----- INFORMATION PROVIDED
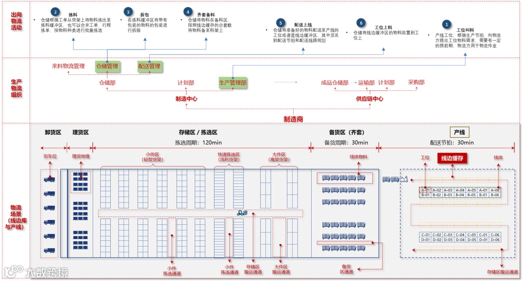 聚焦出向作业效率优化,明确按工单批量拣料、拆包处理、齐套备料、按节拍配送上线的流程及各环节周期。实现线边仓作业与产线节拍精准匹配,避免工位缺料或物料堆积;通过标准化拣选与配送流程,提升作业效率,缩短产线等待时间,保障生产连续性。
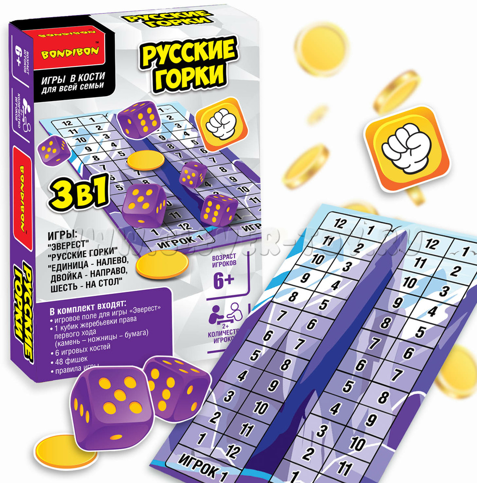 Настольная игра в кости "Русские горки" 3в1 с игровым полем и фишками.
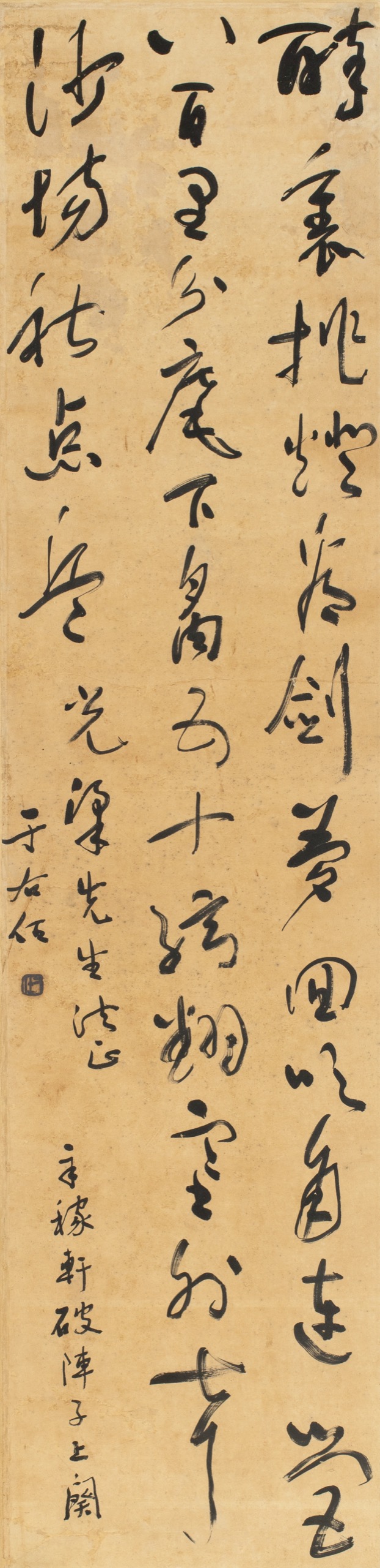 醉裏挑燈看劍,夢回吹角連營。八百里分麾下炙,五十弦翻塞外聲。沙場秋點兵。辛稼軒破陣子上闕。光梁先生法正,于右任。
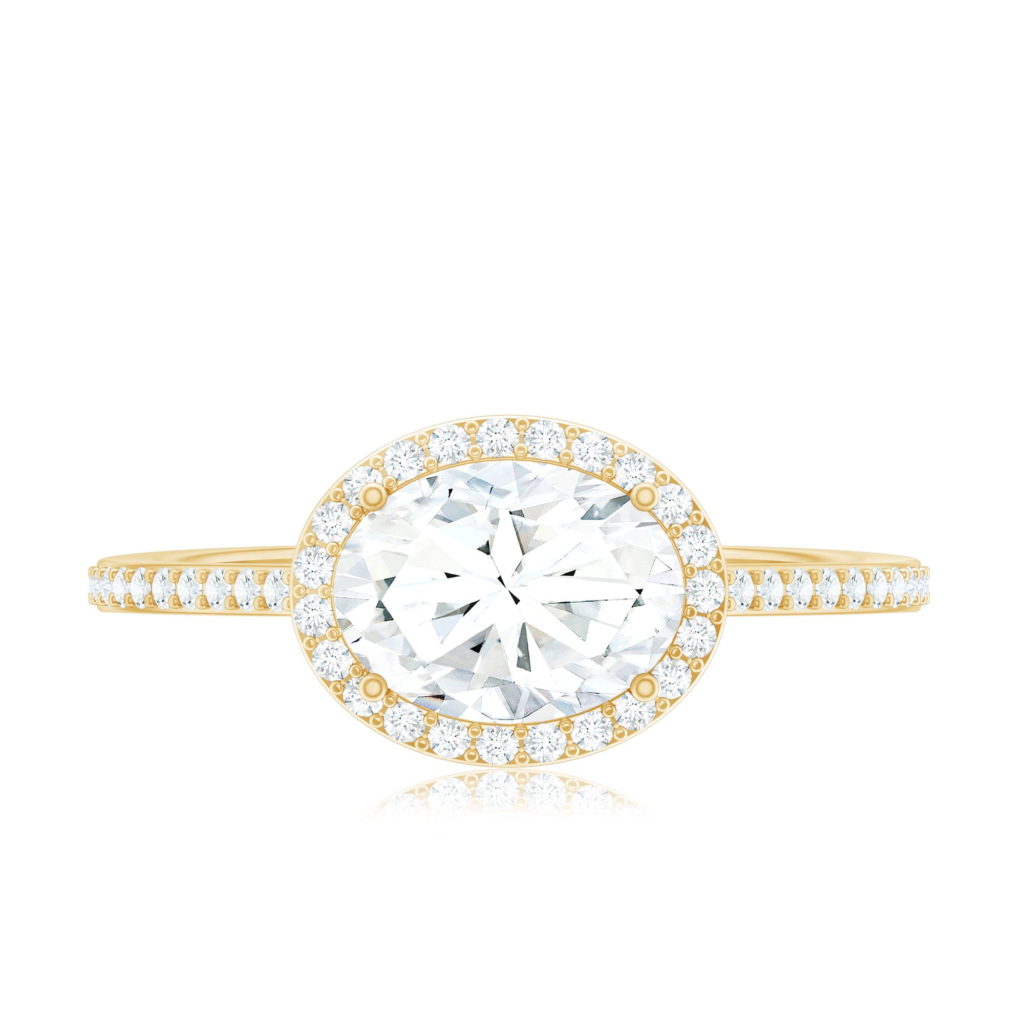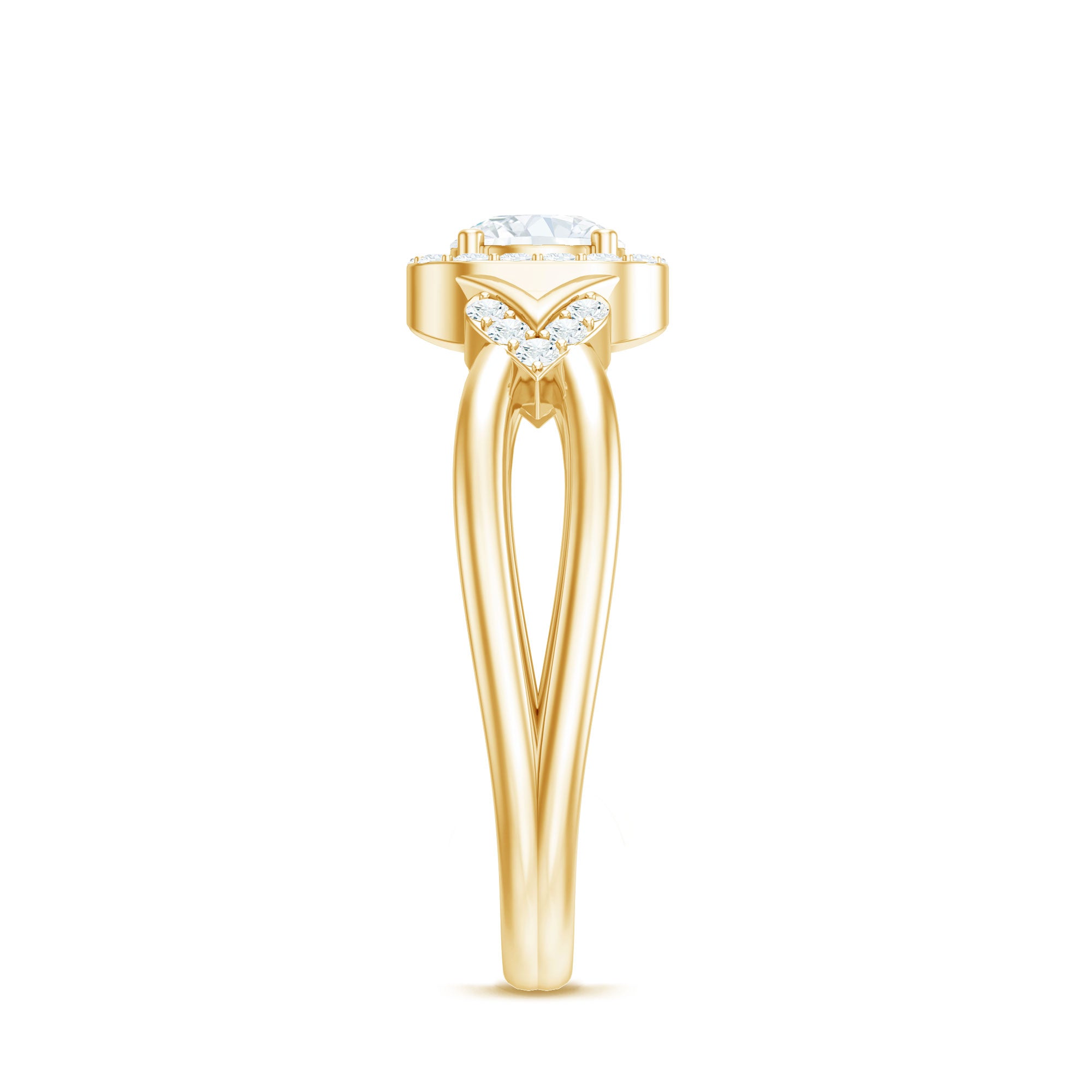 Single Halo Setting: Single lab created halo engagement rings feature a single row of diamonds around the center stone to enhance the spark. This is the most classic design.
----------
### WHAT IS BEING ASKED:
Give back, exactly as written, the lines from the top of the material above to the line containing "醉裏挑燈看劍,夢回吹角連營。", both included; skip every picture.

### ANSWER TO THIS PROBLEM:
 聚焦出向作业效率优化,明确按工单批量拣料、拆包处理、齐套备料、按节拍配送上线的流程及各环节周期。实现线边仓作业与产线节拍精准匹配,避免工位缺料或物料堆积;通过标准化拣选与配送流程,提升作业效率,缩短产线等待时间,保障生产连续性。
 Настольная игра в кости "Русские горки" 3в1 с игровым полем и фишками.
 醉裏挑燈看劍,夢回吹角連營。八百里分麾下炙,五十弦翻塞外聲。沙場秋點兵。辛稼軒破陣子上闕。光梁先生法正,于右任。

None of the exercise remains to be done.